Barry Gremillion, I Killed Charles Bronson's Cat. Life as a Hollywood location scout, and stories about movie production.
Vicki L. Ruiz, Cannery Women, Cannery Lives: Mexican Women, Unionization, and the California Food Processing Industry, 1930-1950. Academic work covering how immigrant women unionized to have more control over their work in canneries and packing houses.
Carol Lynn McKibben, Beyond Cannery Row: Sicilian Women, Immigration, and Community in Monterey, California 1915-1999. Stories of women working in the fish canning industry in Monterey in the 20th century. It contains many more stories from cannery workers about both their jobs and families than Ruiz's book.

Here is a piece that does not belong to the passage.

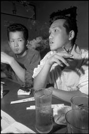 JAPAN. Kamonomiya. 1999. Sasuke & Kenta relaxing during a motorcycle...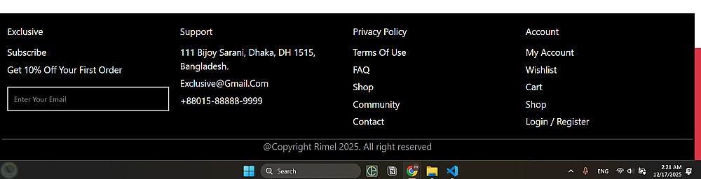 Exclusive هو متجر إلكتروني حديث مصمم ليمنحك تجربة تسوق سهلة وآمنة. أنشئ حسابك الآن بخطوات بسيطة، واستمتع بالوصول إلى مجموعة واسعة من المنتجات، وعروض حصرية، وتوصيات مخصصة لك. بواجهة نظيفة وتصميم متجاوب، نضمن لك تجربة سلسة وحماية كاملة لبياناتك أثناء التسوق.

Bill Fisher, Thirty Years Over Donner: Railroading "family style" over Southern Pacific's Donner Pass, though the eyes of a company signal maintainer.. Great stories about what it takes to keep trains running across Donner Summit in the depths of winter. Bill's wife, Kay Fisher, also wrote about life as a railroad wife attempting to keep house in the worst conditions.
Kay Fisher, A Baggage Car with Lace Curtains Stories from the wife of a Southern Pacific signal maintainer on Donner Summit.
Studs Terkel, Working: People Talk about What They Do All Day and How They Feel About What They Do. Terkel did interviews with a wide range of folks - "grave diggers to studio heads" - to hear how they see their work.
Donald A. Schon, The Reflective Practitioner. Schon looks at five professions to find out how they solve problems. He gives episodes of engineers, architects, managers, therapists, and town planners solving problems - much in the same way that Ben Rich solved technical problems at Lockheed, or the Data General engineers solved problems in their Eclipse computer.